That shifting dialogue is central to Tsivrikos’s thinking. He describes curation as a form of applied psychology, informed not only by his master’s degree in curation, but also by his professional understanding of how environment shapes identity and behavior. In his view, works do not simply hang in a room. They alter one another, and they alter the people living with them.
The same logic underpins The TAGLI, the London-based gallery and advisory he founded. Its name comes from Lucio Fontana’s notion of tagli, or cuts, the slashes that opened new spatial possibilities on canvas. Tsivrikos sees that gesture as a useful metaphor for art itself: something that interrupts habit, creates depth, and changes perspective.
Asked what he values most, he is clear that art is not primarily a financial asset. It is cultural and emotional first. That belief also informs his advice to anyone curious about another person, or about their own response to art: go on a museum date. The way someone describes a work, he says, can reveal how they think, what they notice, and what they feel.
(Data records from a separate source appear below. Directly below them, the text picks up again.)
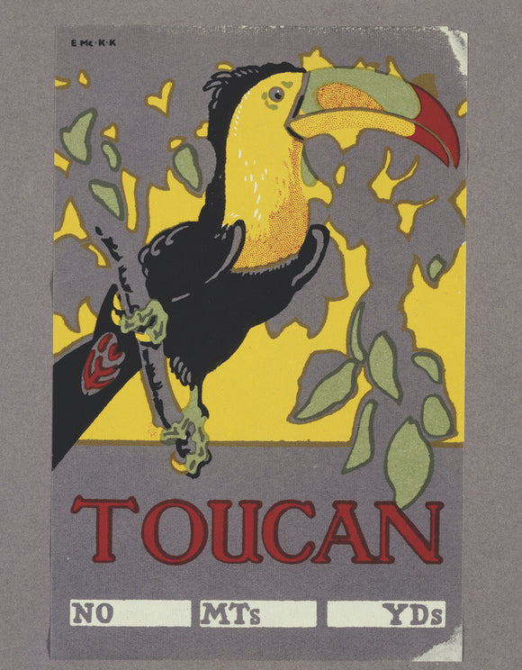 Textile Trade Label from Quarry Bank Mill depicting a brightly coloured toucan on a branch surrounded by leaves.
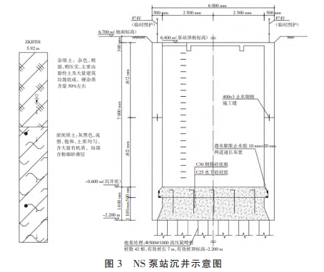 CZ 泵站和 NS 泵站沉井有一定的相似性。以 NS泵站为例,沉井尺寸 LxBxH=6.0 mx7.0 mx7.5 m,采用直壁式侧壁,侧厚度 500 mm,底板厚 500 mm。采用“不排水下沉”法,水下素砼封底厚1100 mm,主体结构采用 C30 混凝土,封底采用 C25 混凝土。地质揭露存在淤泥质土,地基处理进行 Ф500@1 000 高压旋喷桩处理。NS 泵站下沉开挖土层主要为填土、淤泥质土,无邻近需保护建构筑物,不未设挡土周桩。NS 泵站底板与侧壁之间的止水措施采用2道遇水膨胀止水条,效果较好。做法如图3所示。
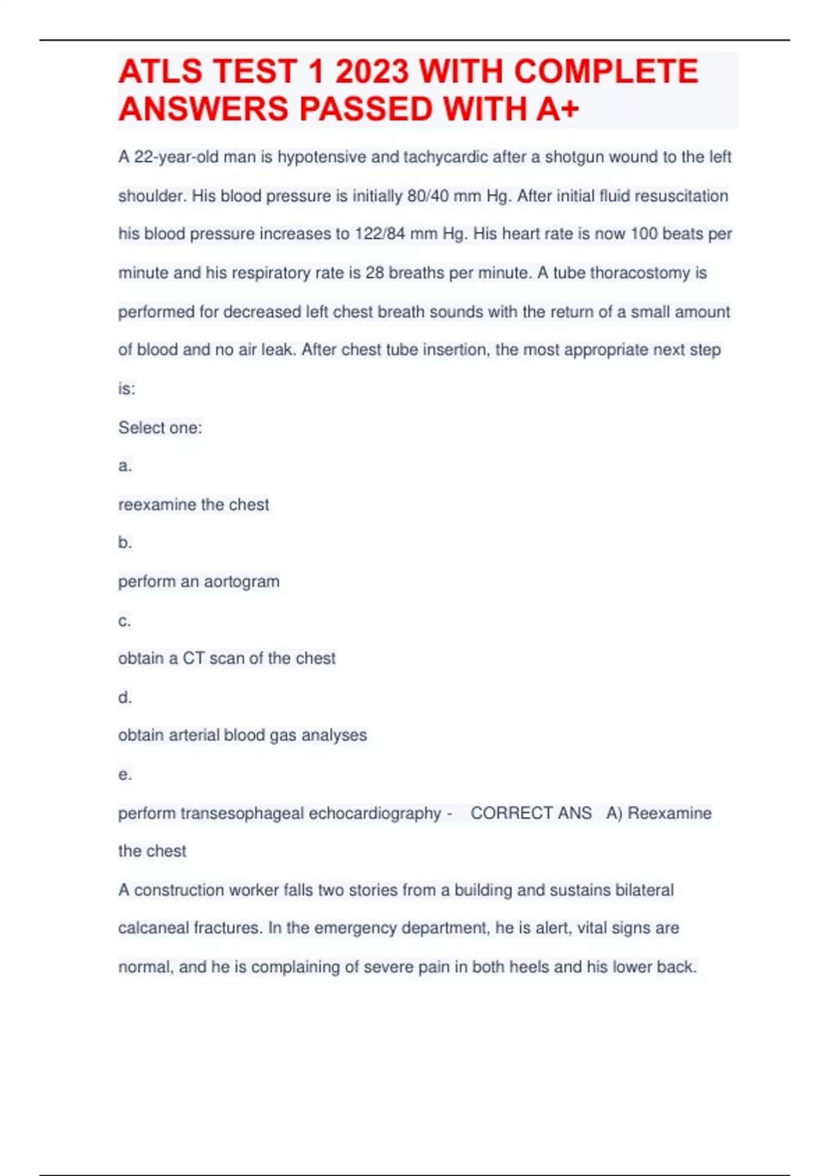 A 22-year-old man is hypotensive and tachycardic after a shotgun wound to the left shoulder. His blood pressure is initially 80/40 mm Hg. After initial fluid resuscitation his blood pressure increases to 122/84 mm Hg. His heart rate is now 100 beats per minute and his respiratory rate is 28 breaths per minute. A tube thoracostomy is performed for decreased left chest breath sounds with the return of a small amount of blood and no air leak. After chest tube insertion, the most appropriate next step is: Select one: a. reexamine the chest b. perform an aortogram c. obtain a CT scan of the chest d. obtain arterial blood gas analyses e. perform transesophageal echocardiography - CORRECT ANS A) Reexamine the chest A construction worker falls two stories from a building and sustains bilateral calcaneal fractures. In the emergency department, he is alert, vital signs are normal, and he is complaining of severe pain in both heels and his lower back.
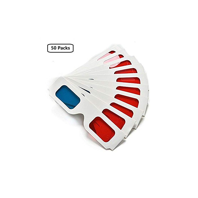 3D Paper Glasses, Red and Cyan Anaglyph, White Cardboard Frame, 50 Pairs
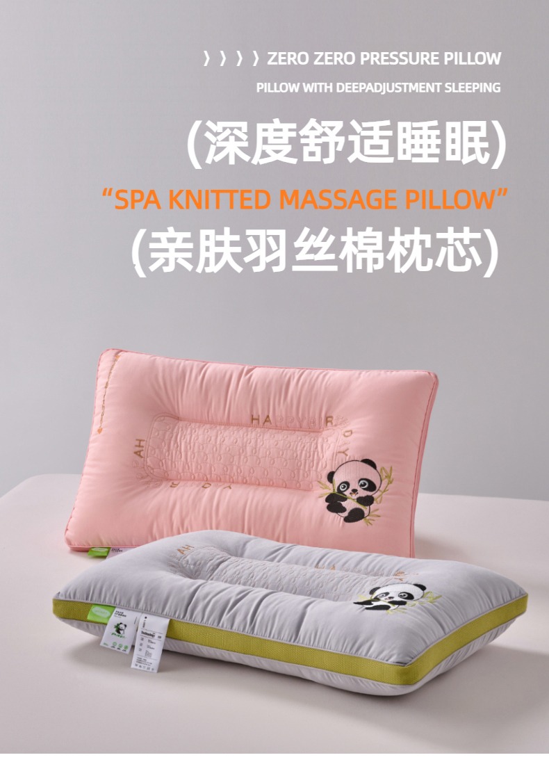 (总)怡薇格枕芯 2026新款刺绣熊猫羽丝绒护颈枕枕头枕芯,亲肤羽丝绒枕-粉,亲肤羽丝绒枕-白,亲肤羽丝绒枕-灰
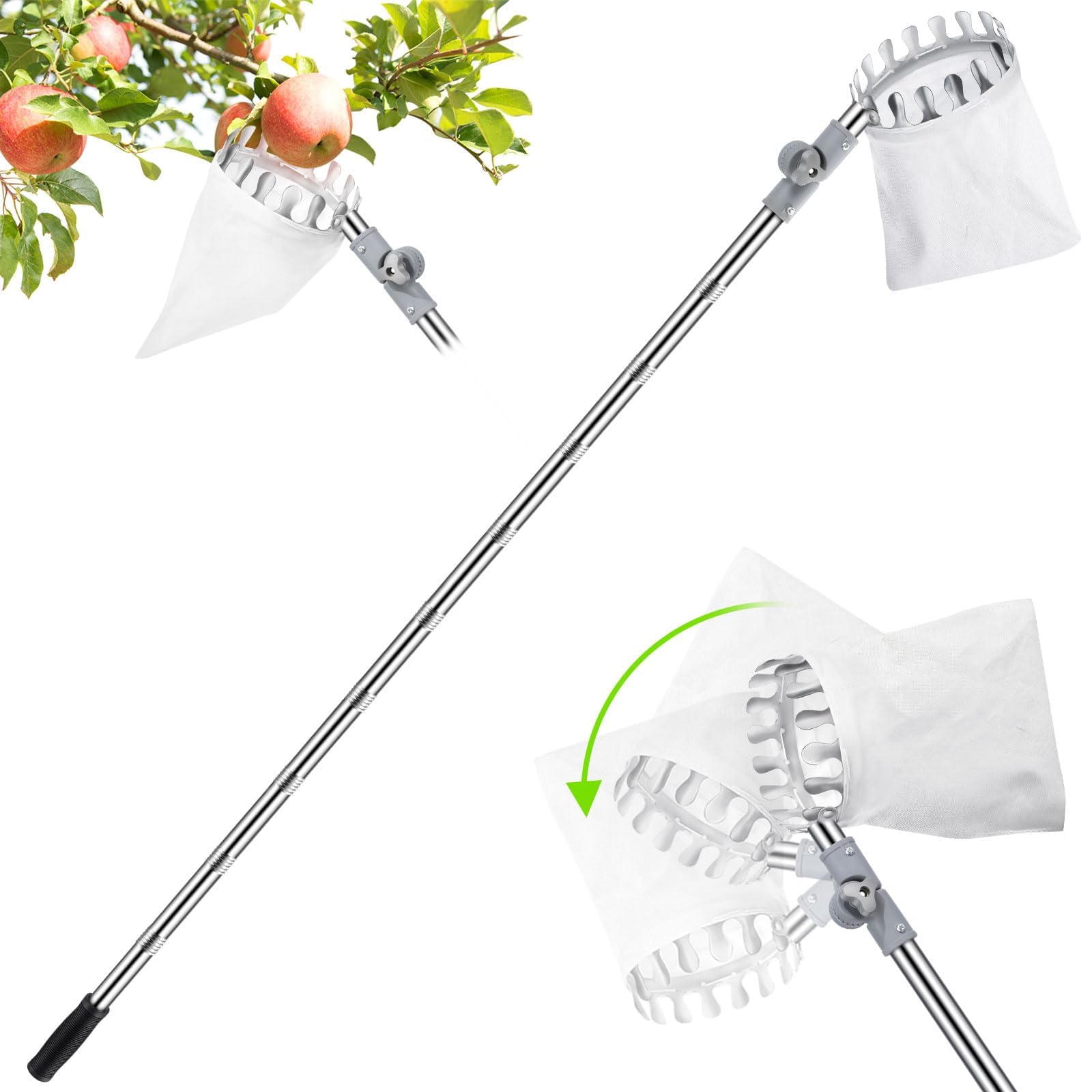 Pince à fruits de mer en acier inoxydable poignée compacte et Pince Cueillette Fruits Arbres Pince à Fruits Télescopique Avec Perche Réglable De 3 M Pince Cueillette Haute Avec Coupe Perche télescopique pour ramassage de fruits, outil de jardin avec 3 griffes réglables Portée télescopique : le manche extensible permet un accès facile aux branches hautes réduisant le besoin d'échelles et minimisant la tension pour les utilisateurs âgés et les jardiniers Poignée antidérapante sécurisée : doté de trois griffes flexibles, cet outil offre une protection contre la peau des fruits et une prise en main... Utilisation polyvalente dans différents environnements : parfait pour les vergers, les jardins domestiques, les fermes et les jardiniers âgés, améliorant l'efficacité et la sécurité lors des tâches de cueillette des fruits Coupe-branches intégré : la fonction de coupe intégrée vous permet de couper en toute sécurité les petites branches pour libérer les fruits coincés, combinant la récolte et l'élagage dans un outil pratique
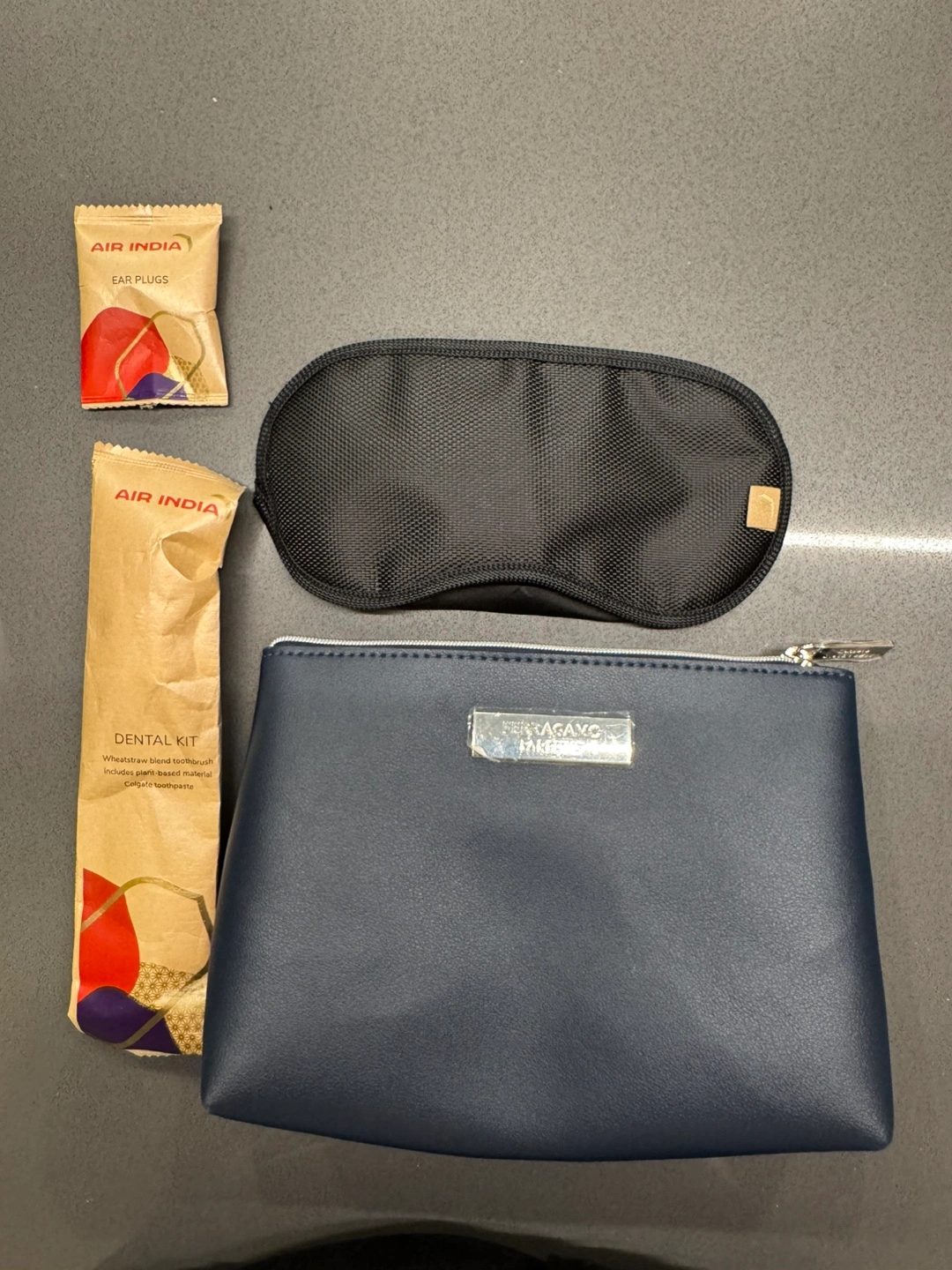 690Luxury meets travel with this Salvatore Ferragamo amenity kit, exclusively offered in Air India’s first class cabins. All items are brand new and unused. Includes: - Elegant navy Ferragamo zip pouch with silver branding - Black eye mask - Sealed dental kit (wheatstraw toothbrush + Colgate toothpaste) - Sealed earplugs

The work he returns to most often is Ken Currie’s *Resurrection*. Small enough to sit within the scale of his torso, the painting shows two blue, disembodied gloves descending into the picture plane. Tsivrikos reads the image as ambiguous and strangely consoling, a scene of intervention without fixed identity. For him, that uncertainty is the point. Art, at its best, does not close meaning down. It opens it up.